*Do not try and bend the spoon, that's impossible. Instead, only try to realize ...

bognition · 2024-02-21T11:56:16 1708516576

What alternative are you suggesting?

exDM69 · 2024-02-21T12:18:31 1708517911

Pijul is a version control system that is patch based (like Darcs) instead of snapshot based (like Git and Mercurial).

Together with some mathematical models on the properties of patches it can deal with some merge situations that need to be resolved manually in Git.

Pijul's website (and Darcs' before that) has some theory that may be helpful if you are interested in the details.

The distinction between patch based and snapshot based is mostly invisible to the end user, except when it isn't.

gugagore · 2024-02-21T12:51:02 1708519862

Couldn't git just recreate patches from snapshot? I mean, this is what happens when you show a commit or a diff.

This is probably what you mean by how it's invisible to the user. When does it actually make a difference?

exDM69 · 2024-02-21T12:55:31 1708520131

Yes, git "recreates" the patches when you view a diff.

But git can't decide that these two patches are independent of each other and thus their order does not matter so it'll give you a merge conflict where pijul doesn't.

You can losslessly convert between the two models, but you can't efficiently apply patch theory (commutation etc) to a bunch of snapshots.

gugagore · 2024-02-21T13:07:36 1708520856

This doesn't seem to be true.
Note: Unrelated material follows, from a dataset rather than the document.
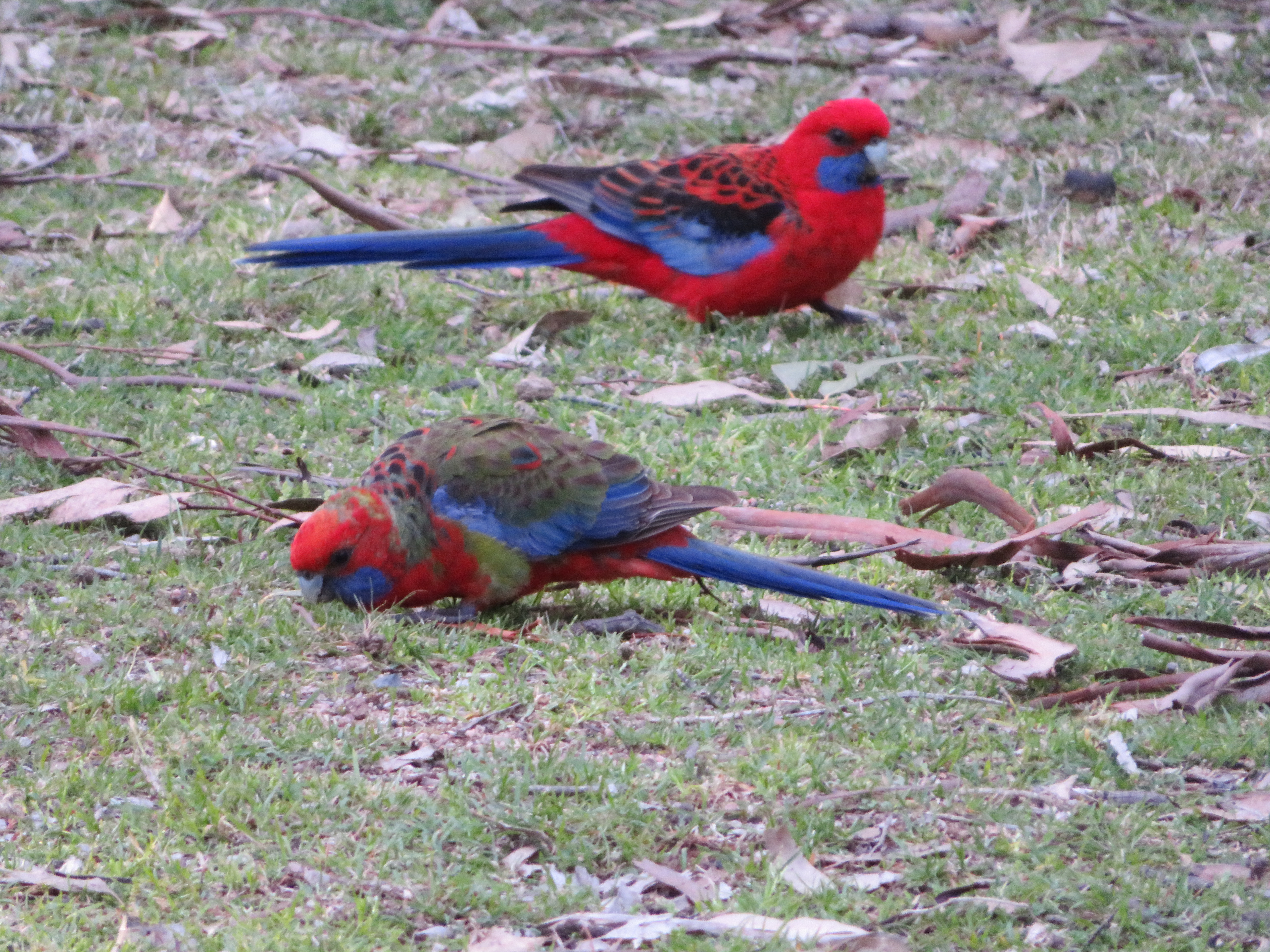 That’s a funny-looking Rosella, I hear you say. I, too, am puzzled by it – the patterns of green are similar to the Eastern Rosella, but it doesn’t have the yellow chest and wings. So I honestly have no idea what it is, but its buddy is the regular Crimson Rosella.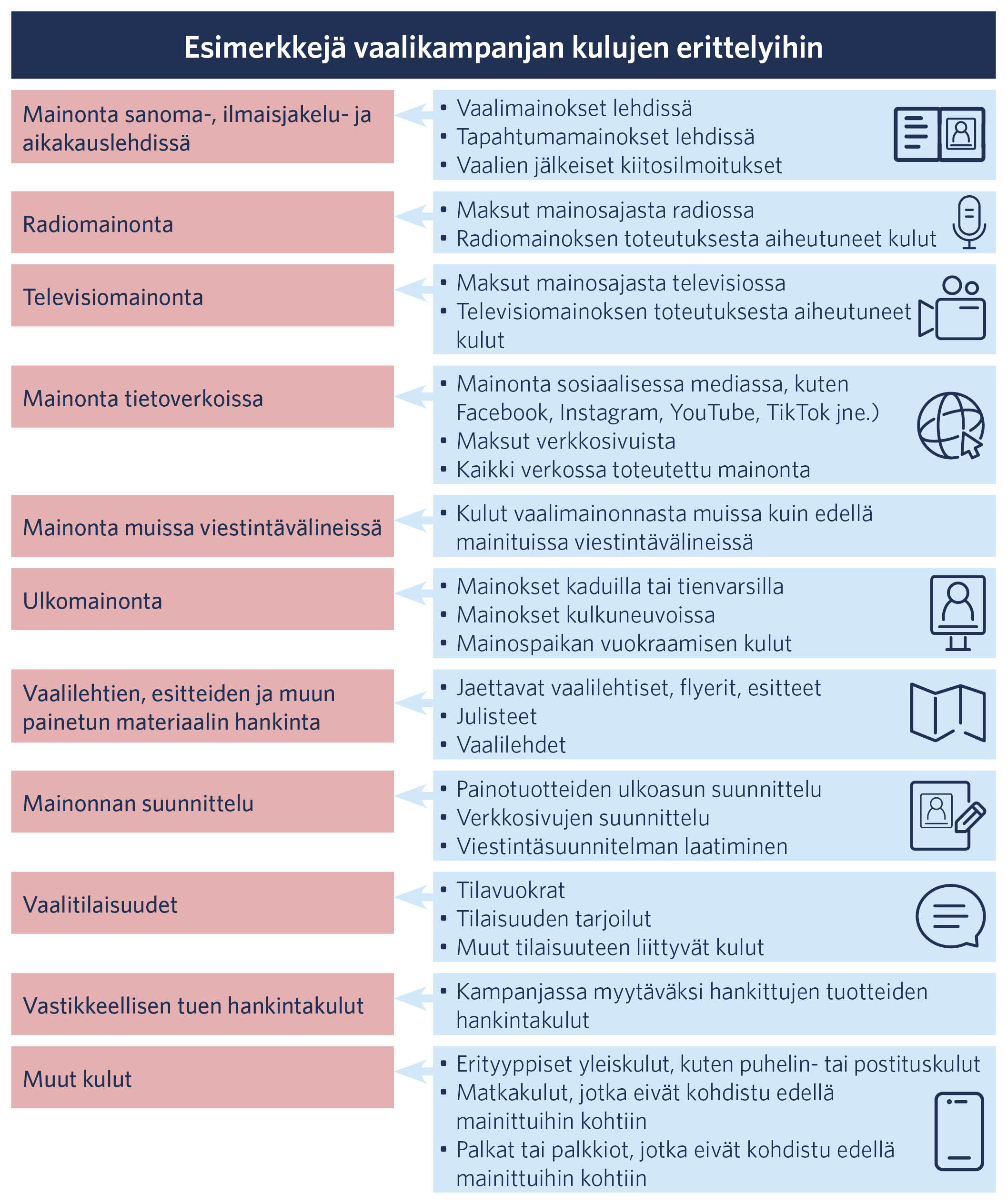 Vaalimainonnan kulut eritellään lehti-, radio- ja televisiomainontaan, tietoverkossa ja muissa viestintävälineissä toteutettuun mainontaan, ulkomainontaan sekä vaalilehtien, esitteiden ja muun painetun materiaalin hankintaan.

I can use git rebase to change the order of commits, and I don't get conflicts if the corresponding patches are independent.

If you can losslessly convert between the two models, then it seems like you could make git's conflict resolution smarter without changing the underlying data model.

exDM69 · 2024-02-21T13:15:04 1708521304

Yes, of course you can manually do that.

> If you can losslessly convert between the two models, then it seems like you could make git's conflict resolution smarter without changing the underlying data model.

No, this will turn into a performance nightmare.

The keyword is efficiently. A patch based data model is a requirement to efficiently do the kind of deduction on patch commutativity and other properties that Pijul does. Converting back and forth on the fly using snapshots (which are a list of filenames and blob hashes) would not work outside of toy examples.

And this is what eventually "killed" Darcs (an earlier patch based system), its data model had some exponential corner cases that could not be resolved.

gugagore · 2024-02-21T14:16:50 1708525010

I can understand in principle but not actually. Converting between snapshot and patch representations is not an exponential effort operation. You could convert a git history to pijul (yes, expensive, but not exponential), do the conflict resolution in pijul land, and then handwaved convert back to snapshots.

pmeunier · 2024-02-21T22:25:30 1708554330

The key insight of Pijul is to be the smallest generalisation of a file that is a CRDT with insertions and deletions of bytes as its two operations, where "smallest" and "file" are meant in a specific sense.

The main thing that makes it all work is the extreme performance of its storage backend, which allows to manipulate a graph datastructure directly on disk, and avoid as many IO operations as possible while doing that. This works well, as all operations in Pijul (with some caveats) work in a time logarithmic in the size of history. And yet, it is slower than Git for some operations.

Therefore, what you're suggesting is linear in the size of history (importing), i.e. exponentially slower than Pijul, for every single merge!

alchemist1e9 · 2024-02-21T12:56:03 1708520163

I was such a heavy Darcs user once, before git existed. Then for a while I was using darcs to git and back. Sounds like I should take a serious look at Pijul.

crotchfire · 2024-02-21T20:19:50 1708546790

It's getting pretty good.

The problem is the primary author demanding CLAs for changes to the "plumbing" part of pijul (but not the "porcelain"). There are a handful of outside contributors who agreed to it for small drive-by fixes, but a lot of others (like myself) who saw the CLA and said "yeah no thanks these always end with somebody getting screwed".

It's a real tradgedy. Hopefully the pijul plumbing is close enough to "perfect and finished forever" (like TeX, djbdns, etc) that it can survive for the rest of its life on one serious contributor and low-effort drive-by bugfixes. Otherwise the only plausible outcomes are a no-CLA fork (highly unlikely since the main author wouldn't participate) or the project dying.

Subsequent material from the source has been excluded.